§ Problem description: Pictures are not part of the copy; retype all the records below exactly.

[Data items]
══════

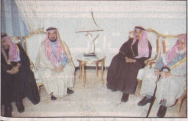
عدد من الوزراء خلال العزاء

كتب: محمد الشيباني: ■ قام عدد من أصحاب السمو الأمراء وأصحاب المعالي الوزراء أمس بزيارة إلى منزل الفقيد الشيخ محمد بن إبراهيم بن جبير - رحمه الله - حيث قدموا التعازي لأبنائه حيث قام بالزيارة صاحب السمو الملكي الأمير خالد بن سلطان بن عبدالعزيز مساعد وزير الدفاع والطيران للشؤون العسكرية وصاحب السمو الأمير فيصل بن مشعل بن سعود المشرف على مركز الدراسات والبحوث بمكتب سمو النائب الثاني. كما قام معالي وزير التعليم العالي الدكتور خالد العنقري، ومعالي وزير المعارف الدكتور محمد الرشيد، ومعالي وزير الخدمة المدنية الأستاذ محمد الفايز ومعالي وزير التخطيط الدكتور خالد القصيبي والأستاذ ناصر الداود مدير عام المكتب الخاص لسمو أمير منطقة الرياض وعدد من الأدباء والمثقفين بضيوف مهرجان الجنادرية بتقديمهم الشيخ يوسف الترضاي بزيارة إلى منزل الفقيد حيث قدموا التعازي لأبنائه داعين الله أن يفرغ للفقيد ويسكنه فسيح جناته.
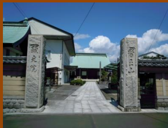
顕光院(重田家菩提寺)
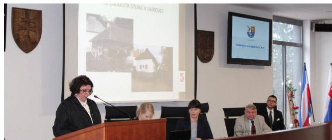
Seminár pri príležit. 200. výročia narodenia Ľ. Štúra na Úrade TSK (17. 6.)

Zdroj: MY Trenčianske noviny, č. 3/20125, s. 8
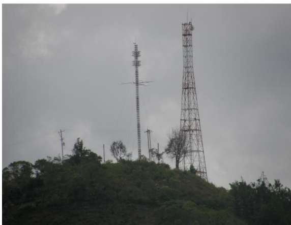
panorámica de la estación
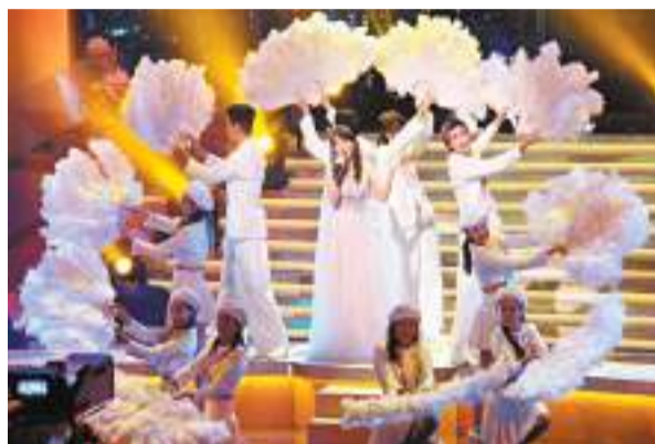
陳美齡3日晚參與《萬眾同心公益金》演出。

══════

§ Written response:
عدد من الوزراء خلال العزاء

كتب: محمد الشيباني: ■ قام عدد من أصحاب السمو الأمراء وأصحاب المعالي الوزراء أمس بزيارة إلى منزل الفقيد الشيخ محمد بن إبراهيم بن جبير - رحمه الله - حيث قدموا التعازي لأبنائه حيث قام بالزيارة صاحب السمو الملكي الأمير خالد بن سلطان بن عبدالعزيز مساعد وزير الدفاع والطيران للشؤون العسكرية وصاحب السمو الأمير فيصل بن مشعل بن سعود المشرف على مركز الدراسات والبحوث بمكتب سمو النائب الثاني. كما قام معالي وزير التعليم العالي الدكتور خالد العنقري، ومعالي وزير المعارف الدكتور محمد الرشيد، ومعالي وزير الخدمة المدنية الأستاذ محمد الفايز ومعالي وزير التخطيط الدكتور خالد القصيبي والأستاذ ناصر الداود مدير عام المكتب الخاص لسمو أمير منطقة الرياض وعدد من الأدباء والمثقفين بضيوف مهرجان الجنادرية بتقديمهم الشيخ يوسف الترضاي بزيارة إلى منزل الفقيد حيث قدموا التعازي لأبنائه داعين الله أن يفرغ للفقيد ويسكنه فسيح جناته.
顕光院(重田家菩提寺)
Seminár pri príležit. 200. výročia narodenia Ľ. Štúra na Úrade TSK (17. 6.)

Zdroj: MY Trenčianske noviny, č. 3/20125, s. 8
panorámica de la estación
陳美齡3日晚參與《萬眾同心公益金》演出。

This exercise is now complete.